In Zimmer 6 liegt Frau Sacher. Ich mag die Torte. Lecker, Schokolade, dazu noch Marmelade. Frau Sacher mag die Torte wohl auch. Nicht nur ab und zu. Das metabolische Syndrom lässt grüßen. Frau Sacher ist knapp 50. Die Arterien und Venen ihrer Blutbahn möchte ich gar nicht sehen.
Ob da überhaupt noch genug Blut im Gehirn ankommt? Und in den Zehen? Und die Leber erst. Ob da noch rote Farbe ist? Oder alles schon gelb? Das Herz. Eigentlich ein Muskel. Und erst das Pankreas. So viel Insulin kann das arme Pankreas gar nicht produzieren.
Die Wirbelsäule? Der geht es, denke ich, verhältnismäßig gut. So viel Östrogen hilft dem Knochen. Den Bandscheiben sicherlich nicht. Aber die Osteoporose dürfte hier vielleicht nicht Hauptthema sein. Weiter zur Lunge. Die hat ganz schön was zu atmen. Das Narkosegerät wird sich später bedanken. Endlich mal mit ein bisschen Druck arbeiten.
Magen kaputt, Haut besiedelt, Bein kaputt
Der Magen-/Darmtrakt? Wegen chronischer Überlastung geschlossen. Die Haut? Armes Ding. Niemand gibt acht auf sie. Überall gerötet, Pilze haben sich angesiedelt. Die mögen es feucht und warm. Frau Sacher spürt auch die kleinen Löcher am Zeh und am Fußballen nicht.

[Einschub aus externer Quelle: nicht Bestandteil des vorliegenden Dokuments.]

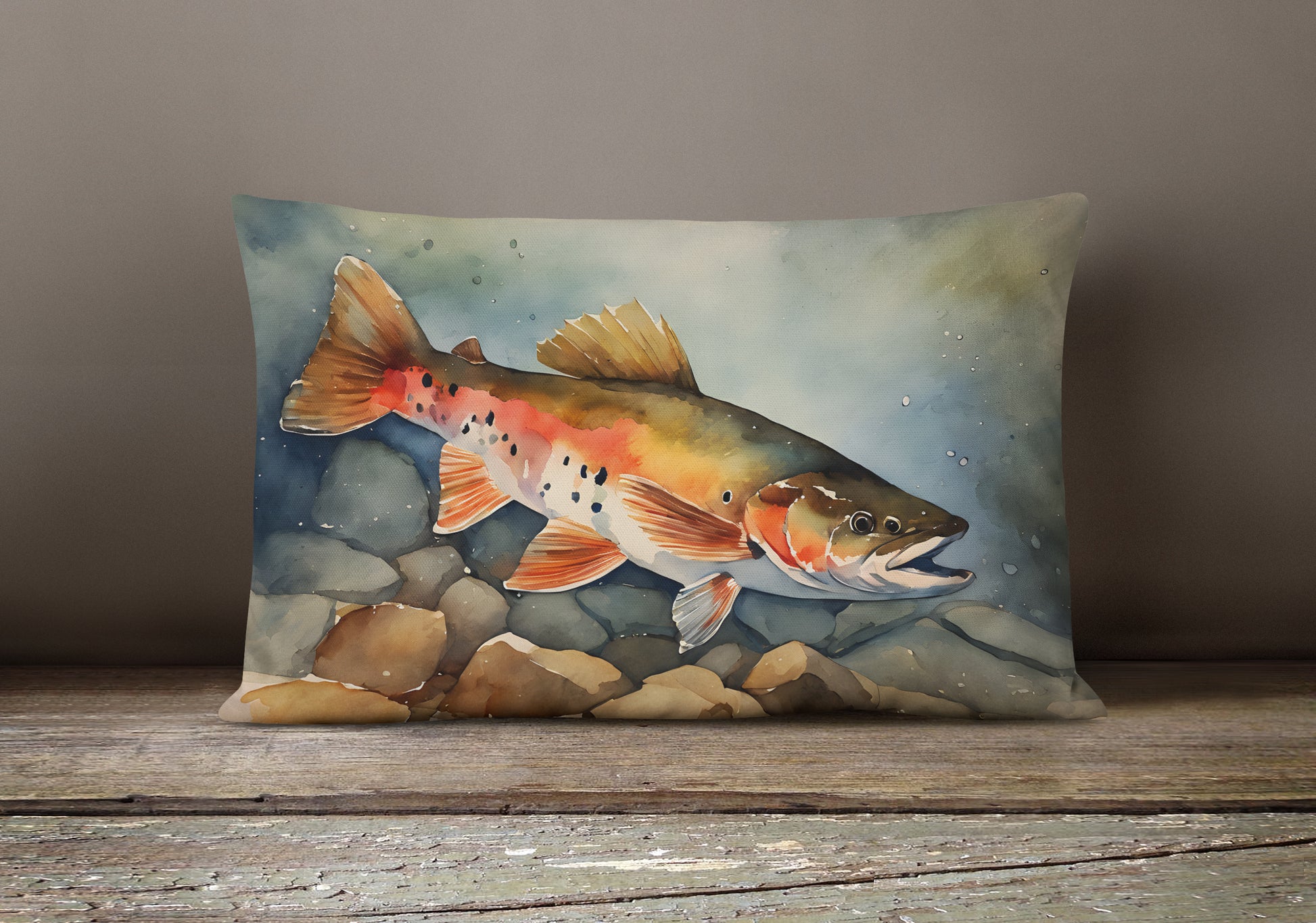 Throw Pillow featuring breed specific Brook Trout artwork. Embrace the fusion of comfort and style with Caroline's Treasures Fabric Decorative Pillow. This 12x16 inch outdoor pillow is designed to complement your patio furniture, adding a splash of color and artistry to your outdoor setting. Constructed with a 100% Polyester Fabric pillow sham filled with a plush pillow form, this cushion is as comfortable as it is durable. Our outdoor pillow utilizes a novel fabric, meticulously woven for enhanced water resistance. This soft canvas material is equally suited for your indoor couch as well as outdoor settings such as the patio, porch, or veranda. To ensure enduring vibrance, we employ colorfast dyes resistant to fading even when subjected to weather elements. The making of this pillow involves the delicate sewing together of three fabric pieces to create a sham, into which a polyester insert is carefully placed. The result is an overstuffed pillow that tenaciously holds its shape. With both the sham and the pillow insert crafted in the United States, these handmade pillows are a testament to superior local craftsmanship. Note that as these pillows are handmade, sizes may slightly vary, enhancing their unique appeal. Enjoy comfort in style with Caroline's Treasures Fabric Decorative Pillow.

Apropos Füße. Ich fange an zu schwitzen. Ihr Bein ist ganz schön schwer. Da ist das Metallgestänge Nebensache. Ich spreche nebenbei in das Telefon, das mir die Krankenschwester ans Ohr hält. „Ja, Herr Oberarzt. Sie müssen Punkt 2 auf dem OP-Plan wirklich verschieben. Frau Sacher ist gleich auf dem Weg in den OP zu Ihnen.“
Frisch operiert und gleich mal ausprobiert
Frau Sacher hat nämlich heute irgendwie vergessen, dass sie sich das Sprunggelenk gebrochen hat. Und hat sich dann gleich mal auf ihr gestern frisch operiertes und mit einem Fixateur externe versorgtes Sprunggelenk gestellt. Mit dem vollen Körpergewicht.
Deshalb halte ich jetzt ein ziemlich schweres Bein. Mit einem Metallgestänge dran, das nicht mehr da ist, wo es mal war.